Data Storage on Your Computer's Disk - Part 2; On Indexes
This is the second part of the series on 'Data Storage on Disk'. This post will focus on database indexes and the underlying data structure of in many relational databases today: B-Trees.
Table of Contents
- Recap of Previous Post.
- Further Reading
Recap of Previous Post. #
In the previous post, we learned that rows in your database table are mapped as records internally, and those records are organized into pages on your computer's disk. We also learned about Temporal and Spatial Locality, which are two principles that help determine how data pages are loaded from disk into the in-memory cache.
We concluded by learning about write-ahead logs, and why they are particularly useful in the context of database transactions.
In this post, we'll dive even deeper and learn about how records are organized within pages, how pages are organized within files on disk, and how that organization makes it faster to search for records in your database. In short, we'll learn what database indexes are.
In many relational databases today, pages belonging to a table can be organized on your computer's disk in two main ways:
- As a Heap ( A table without a Clustered Index - we'll learn what this means soon.)
- As a Clustered Index
When the pages of a table are in a heap, it means that they are structured in the database without any logical order. The records that belong to the pages in the heap also have no logical order. A row inserted in a heap table is 'heaped' on the existing rows until a page gets filled up.

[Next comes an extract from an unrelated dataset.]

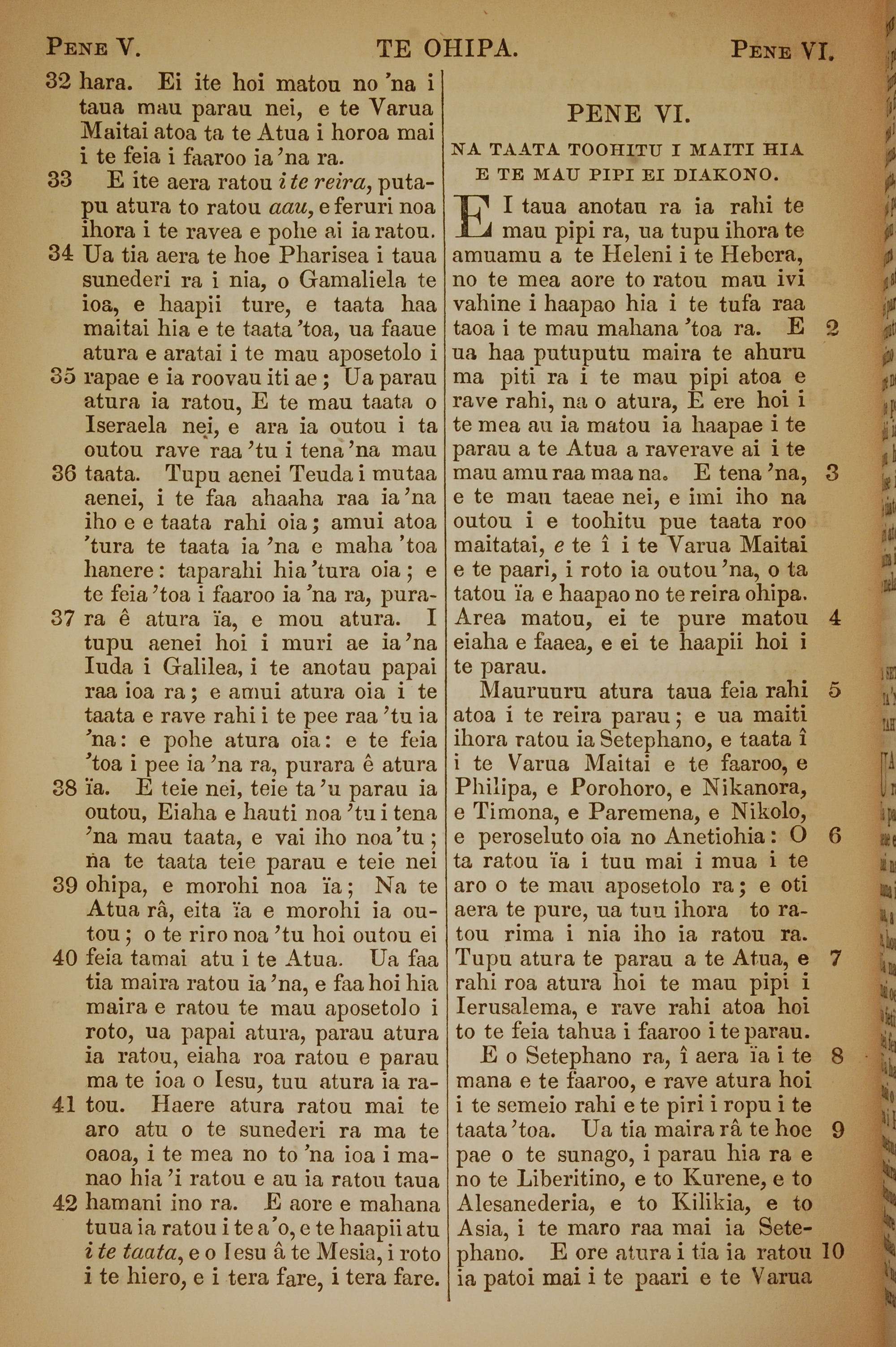 1853年塔希提語新約全書 使徒行傳 5 章 32 節到 6 章 10 節

To make this clearer, let's look at the image below which represents a Person table structured as a heap, with each row containing values for the Name, Age and Location columns. In this example, there is no obvious sort order of the rows. A table with a logical sort order would have these records sorted either alphabetically by the Name or Location columns, or numerically by the Age column.
Figure 1 - Representation of a records in a Heap table.
Navigating Through a Heap #
With no logical order to how records are arranged, it becomes harder to locate individual records in a heap. Records are identified by a row ID (RID) which is a pointer made up of the file ID, page ID and slot ID that the record is located on, represented as (FileID:PageID:SlotID).
To keep track of the location of data pages which belong to a heap table, SQLServer uses a special kind of page known as an Index Allocation Map (IAM) page. An IAM page can manage data of only one heap table, and each heap table in a database is assigned at least one IAM page.
An IAM page tracks about 4GB of data which is equivalent to ~500K pages. If the size of the heap table data exceeds 4GB, another IAM page is allocated to the heap table to track the next 4GB of data. The first IAM page then contains a pointer to the next one.
Note that an IAM page does not track individual data pages. Instead, it divides the pages into groups of eight known as extents. An extent is the smallest unit that an IAM page will track. This abstraction makes it easier to manage the pages.
To scan a heap table, SQLServer will point to the first IAM page of the table and then scan each data page in each extent that the IAM page tracks.
The IAM page is useful here because it helps to link the data pages of heap table. As there is no link between the data pages, the IAM page is a way to navigate between the pages in the table.
To find any row stored in a heap in the absence of an index (I know I'm getting ahead of myself here), the entire heap table must be scanned row-by-row. This is less than ideal for a large table.
In addition, when you make a query for a set of records in a heap table, there is no guaranteed order for the set of results because there is no order to how they are stored.
Note that records are initially stored in the order of insertion to a table, but they can be moved around within the heap to store them more efficiently (e.g. if a record is updated, and they need more space after an update then they were initially allocated), and so the storage order is unpredictable.
When a record is moved around in a heap, a forwarding pointer is usually left behind in its old location. This pointer serves to redirect any references made to the record in its old position to the new position.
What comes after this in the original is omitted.